Posted: Mon Jul 24, 2006 10:02 pm Post subject: 2 very different catastrophes.
Fifty days off meth today. Not a day goes by, lately, that I don't crave it intensely - taking money out of a drawer, walking to a dealer, turning around before I get there, walking back (40 minutes each way!) - repeating the ritual again and again, sometimes making the trek three times in a day. I remain clean, but it's been such a tremendous fight these past few days that I've taken to reading from selections in world literature I can relate to just to get through the grind.
One of the great parallels I have discovered: i've noticed that in the poetry and stories of Holocaust survivors there are a great many similarities to the feelings and memories haunting my brain.

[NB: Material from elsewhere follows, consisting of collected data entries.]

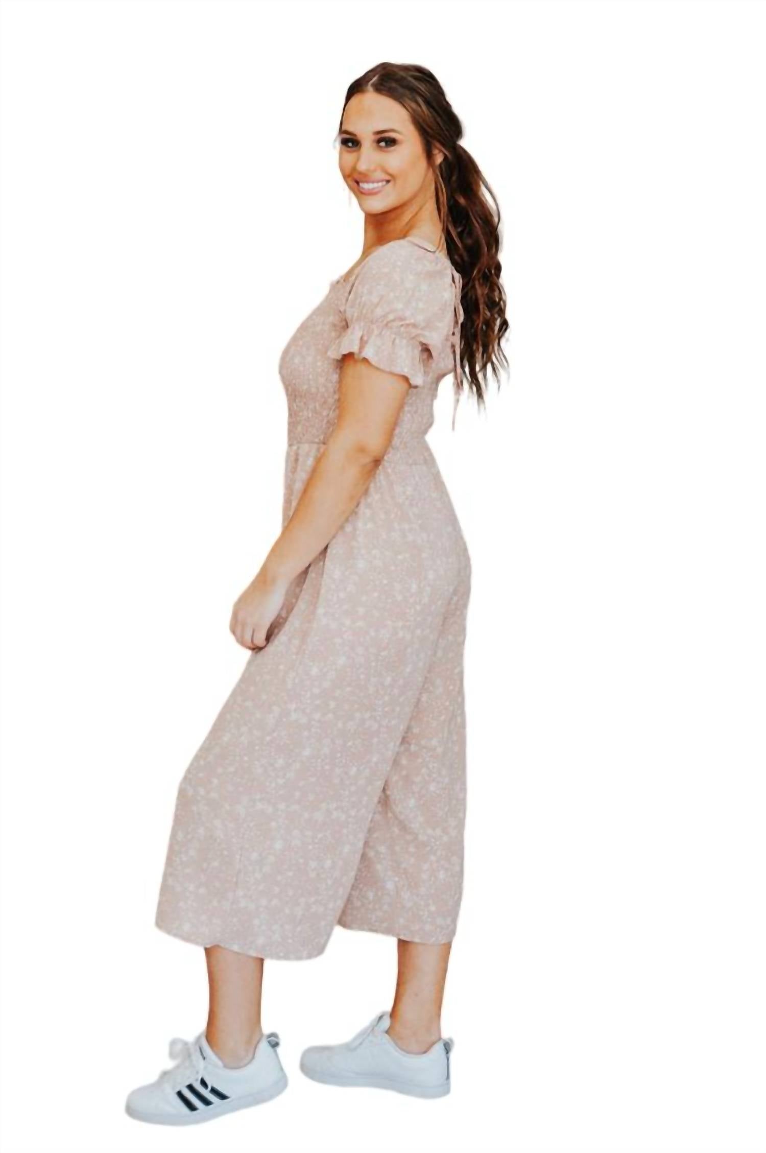 Комбинезон с цветочным принтом, удобный дизайн. Сборка сверху и струящийся низ. Легко носить и укладывать. Стирать при 30 градусах, не отбеливать и не сушить в стиральной машине, гладить в прохладной воде с изнанки, стирать с вещами похожих цветов, развешивать после стирки.
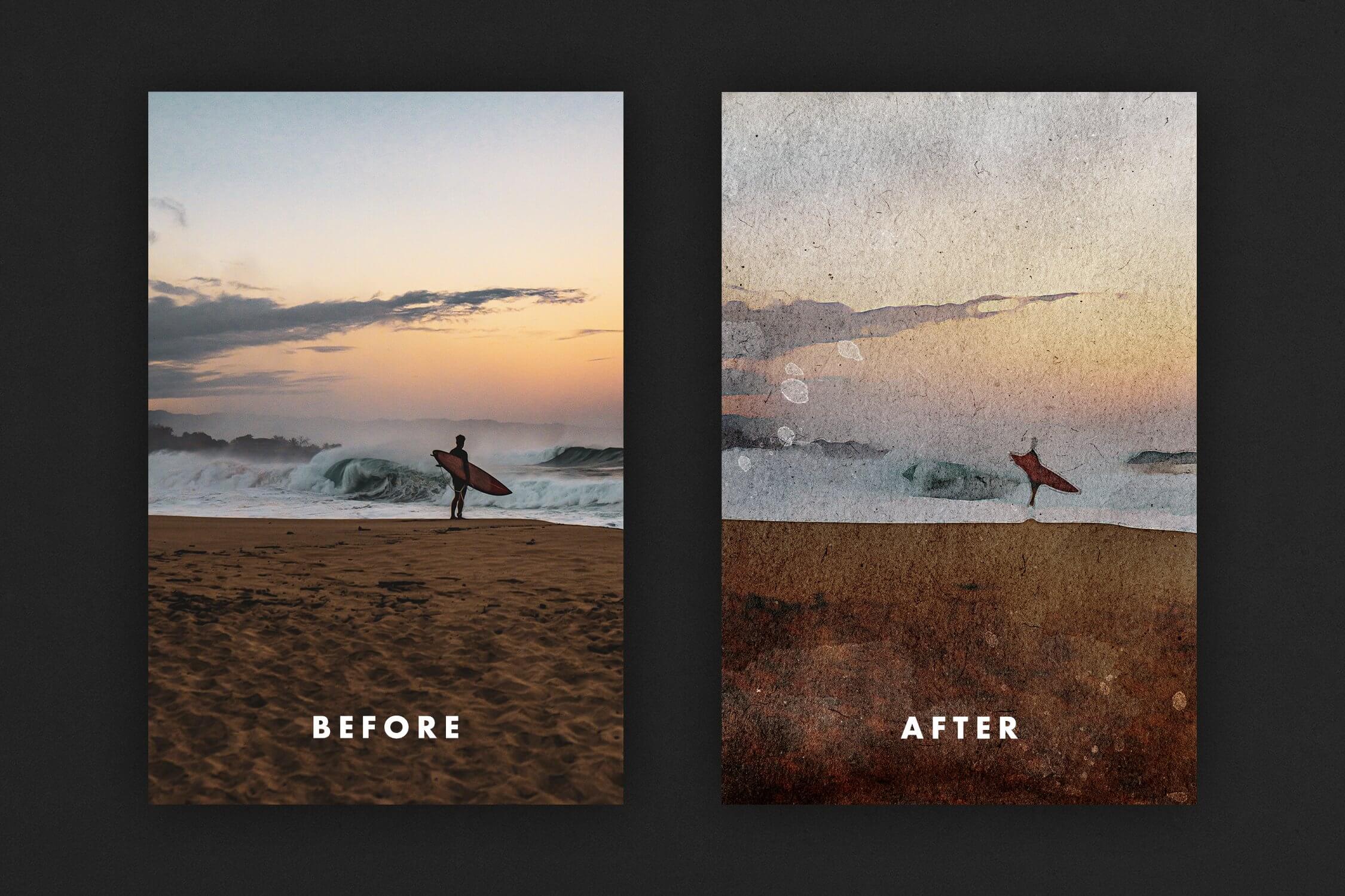 我们会直截了当地说:我们选择了经典水彩作为黄金标准,并用从事这项技术的主要艺术家的美学对其进行了打磨。在这里,我们获得了这种完美无瑕且极其迷人的水彩 Photoshop 效果,能够将任何艺术品变成一件值得金框和展览展示的作品。但是,获得这样的图像比一笔一笔地绘制要容易得多。
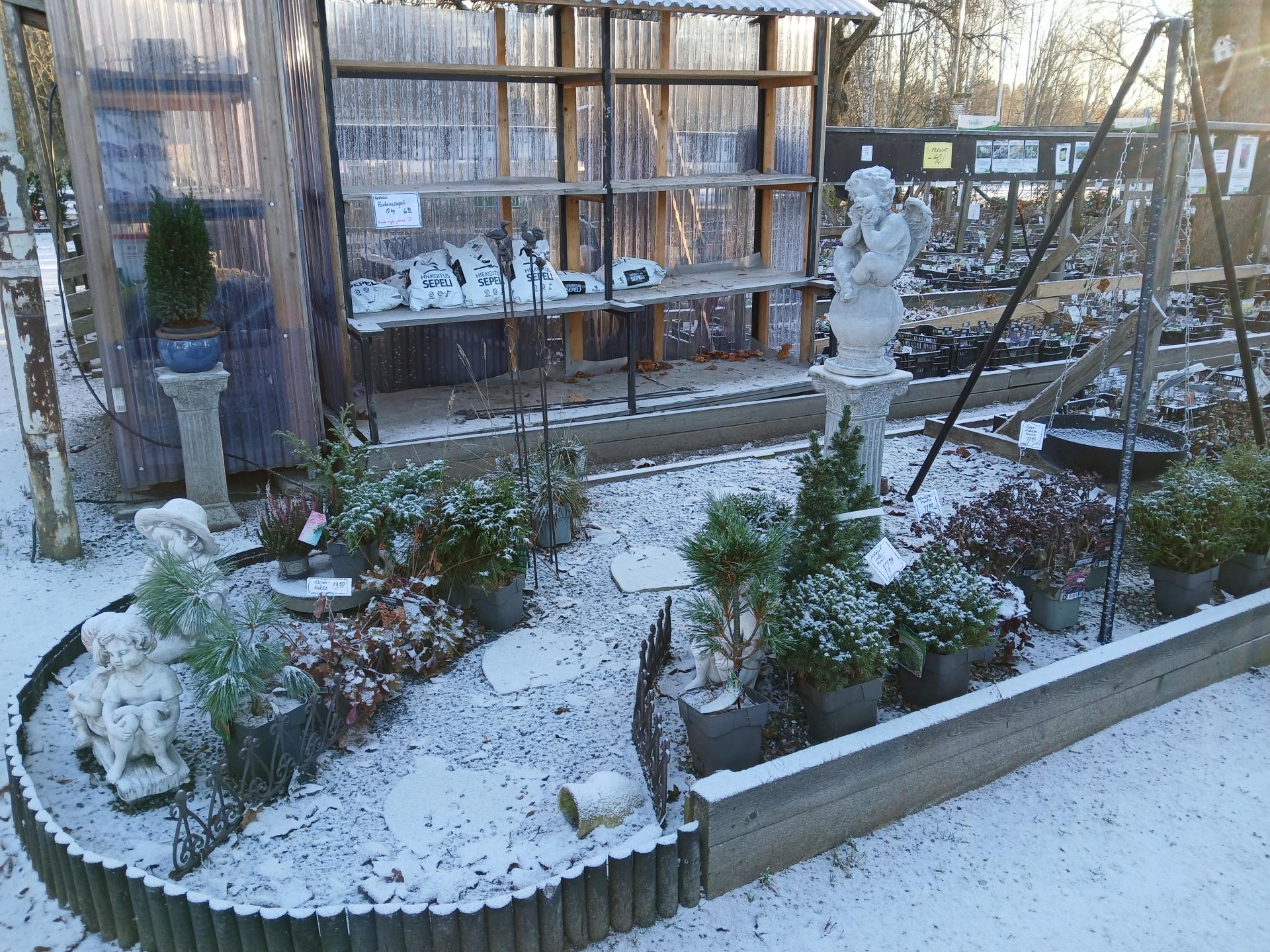 Kasvit alkavat pikkuhiljaa käydä talvilevolle ja valikoimat alkavat supistua. Koko ajan tehdään ennakkotilauksia ensi keväälle. Monia puita ja pensaita voi kuitenkin hyvin istuttaa vielä niin kauan kuin maa on sulaa. Tervetuloa siis paikan päälle katsomaan mitä löytyy!
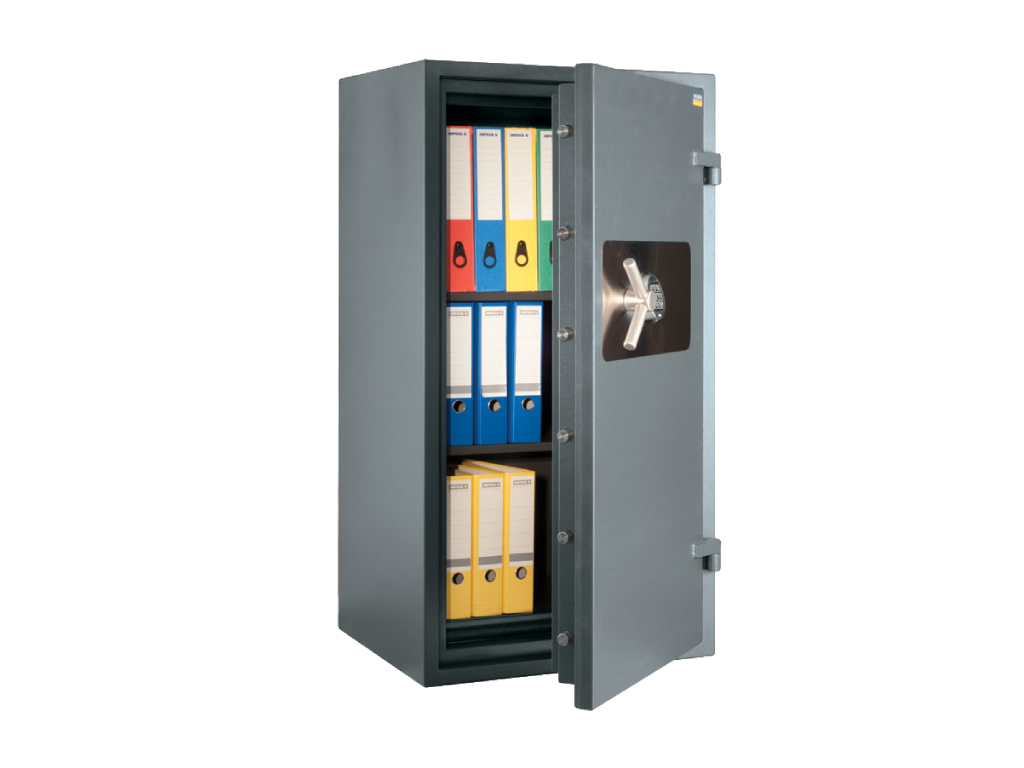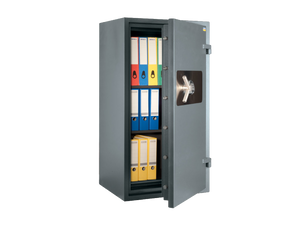 Вътрешни размери 940х407х388 мм, има фабрични отвори и може по желание да бъде фиксиран към под или стена. Има два броя рафтове към продукта.Сейфът е с двоен корпус , със специална защита против разбиване и рязане. Има тристранно заключване, като заключващия механизъм е посредством електронна брава. Сейфовата кутия Garant 110 EN ЕL е с прахово полимерно покритие. Има две (2) години гаранционен срок. По запитване.
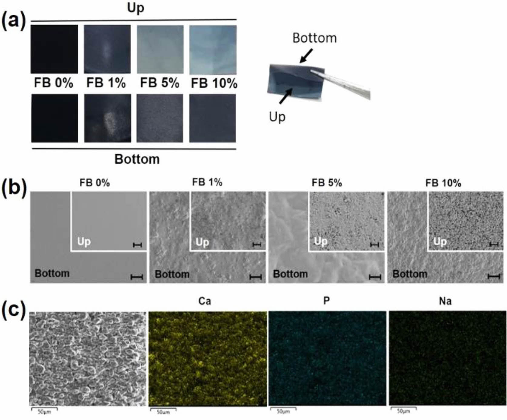Characterization of gelatin-chitosan membrane containing different amount of fish bone (FB): (a) Photographs of gelatin-chitosan membrane containing FB; (b) field emission scanning electron microscopic images of gelatin-chitosan membrane containing FB (scale bar=40 µm); (c) energy dispersive X-ray spectroscopic images of gelatin-chitosan membrane containing FB (10% w/w).
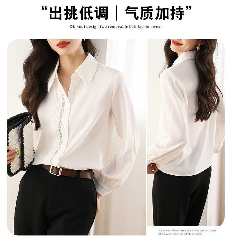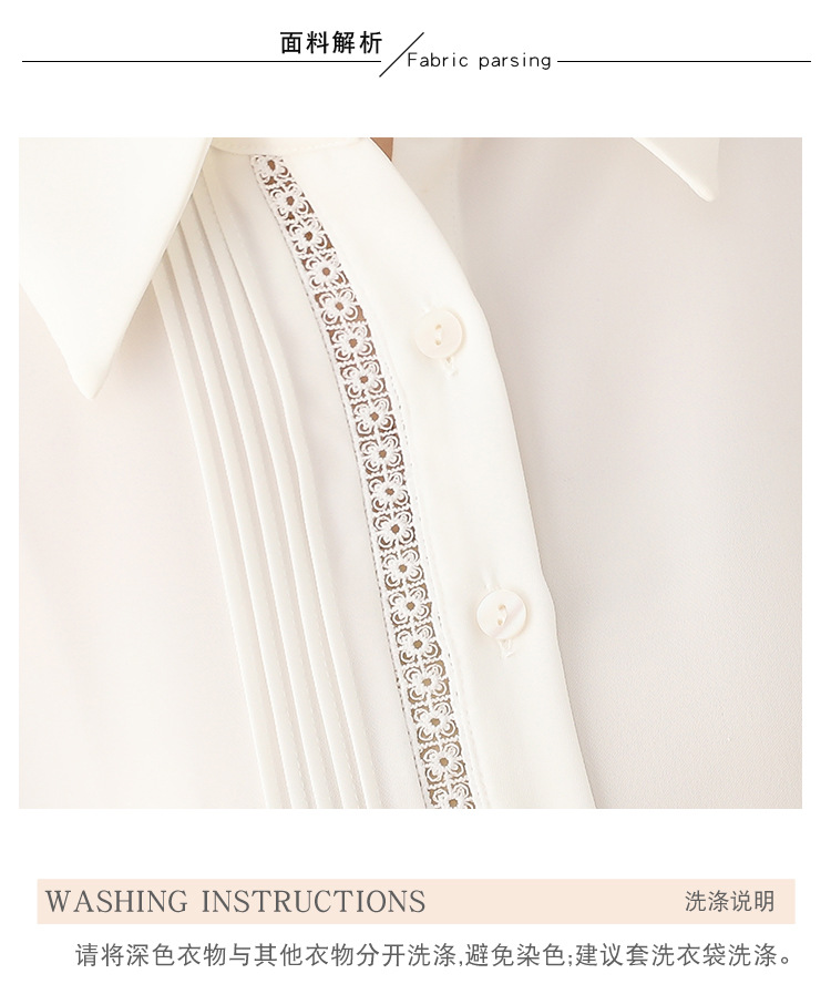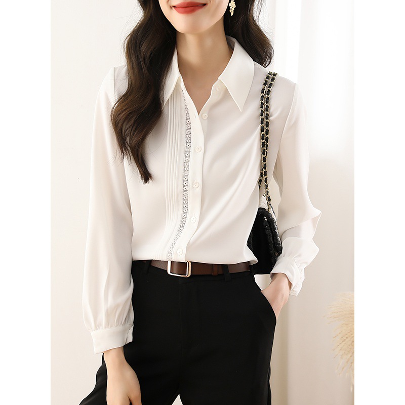 리얼 샷 2023 가을 새로운 옷깃 스트레이트 튜브 긴 소매 리본 레이스 스티칭 셔츠 여성 자켓 쉬폰 셔츠스토어 가기
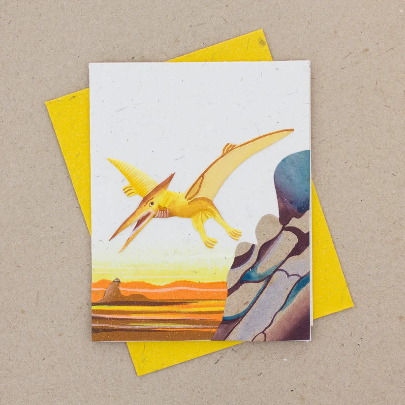 Soar through time with the Pterodactyl White Greeting Card, capturing the grandeur of ancient skies. Crafted from elephant dung paper, this card evokes a sense of wonder, ideal for sending adventurous messages or celebrating milestones with a touch of prehistoric flair.
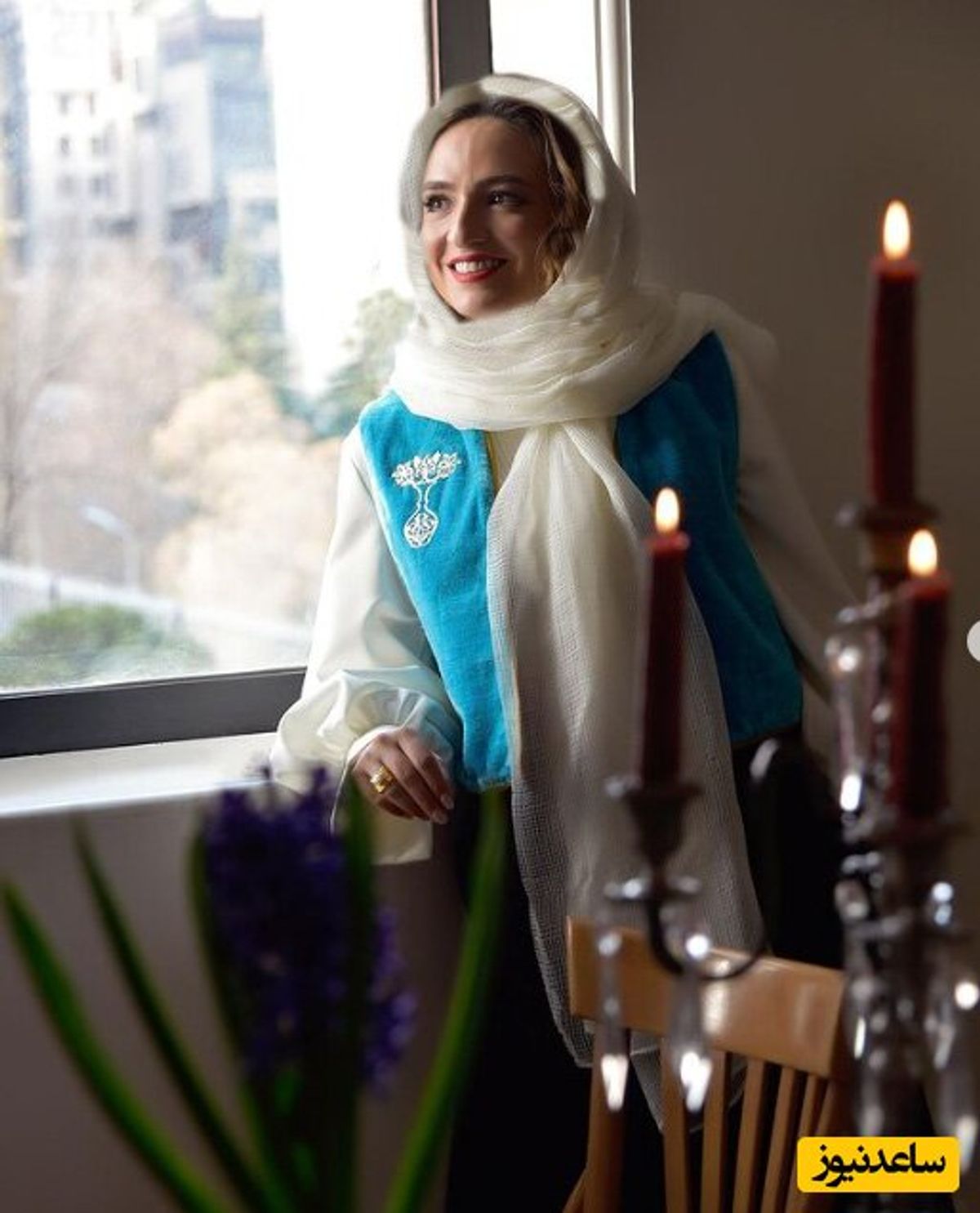 مدل مانتوی دو تکه گلاره عباسی بازیگر سریال شهرزاد با رنگ بهاری

To get through the most recent bout of craving (which began in earnest around day 46) I have had to find similarities; the desolation the victims of the camps felt, wrote of, and sang of is (superficially at least) very very close to the massive human tragedy of meth, a tragedy I witnessed, as did most of you - a tragedy I survived, as most of you have.
Here is a poem by a Holocaust survivor just to show you what I mean by "similarity". I hope it inspires and helps.
UNANSWERED....?
by DUNIO BERNHAUT
Will I always remember?
Can I ever forget
Or is the sentence perpetual and conclusively set?
Will the memories dwindle?
Can the torment subside
Or is the cycle relentless as the flow of the tide?
Will sadness release me?
Can I ever know joy
Or is fate still unfolding some merciless ploy?
Will somebody know me?
Can I be seen through the haze
Or is the image evasive, an intricate maze?
Will my life serve a purpose?
Was it carefully planned
Or is destiny adding one more granule of sand?
Like shadowy visions concealing in fear
Most answers elusive, opaque and unclear
But these so translucent through a shroud of regret:
Yes, I will always remember; No, I can never forget....
Wow! Congratulations on your near 3 months of clean time, Tooreclusive! 50 days, plus 9, is significant. Stay the course - "just for this moment..."
The poem, which you thoughtfully typed out, spells out uncertainty indeed. Today, the Holocaust remains the disparaging reality of our own humanity... Unthinkable acts committed on others... And through it all, the victims held tight to unwavering, silent solidarity. Bernhaut's writing is gift of this insight, hope and direction.
It might help to take a pen and paper along on your walks. If you feel comfortable breaking the routine of your ritualistic walk, plan a place to briefly stop. Use this opportunity to journal. Write about whatever is on your mind or in your heart. This too may be a gift; at some point in the future, you may want to look back at your thinking through this time of your life.
If you haven't already, consider inviting "clean"/ sober people into your recovery. It helps to have a sounding board when unreasonable thoughts come to mind - and they will come to mind. It is important to have people around you that really care about you and the quality of your life - in this moment. People need people; not one of us can do life alone.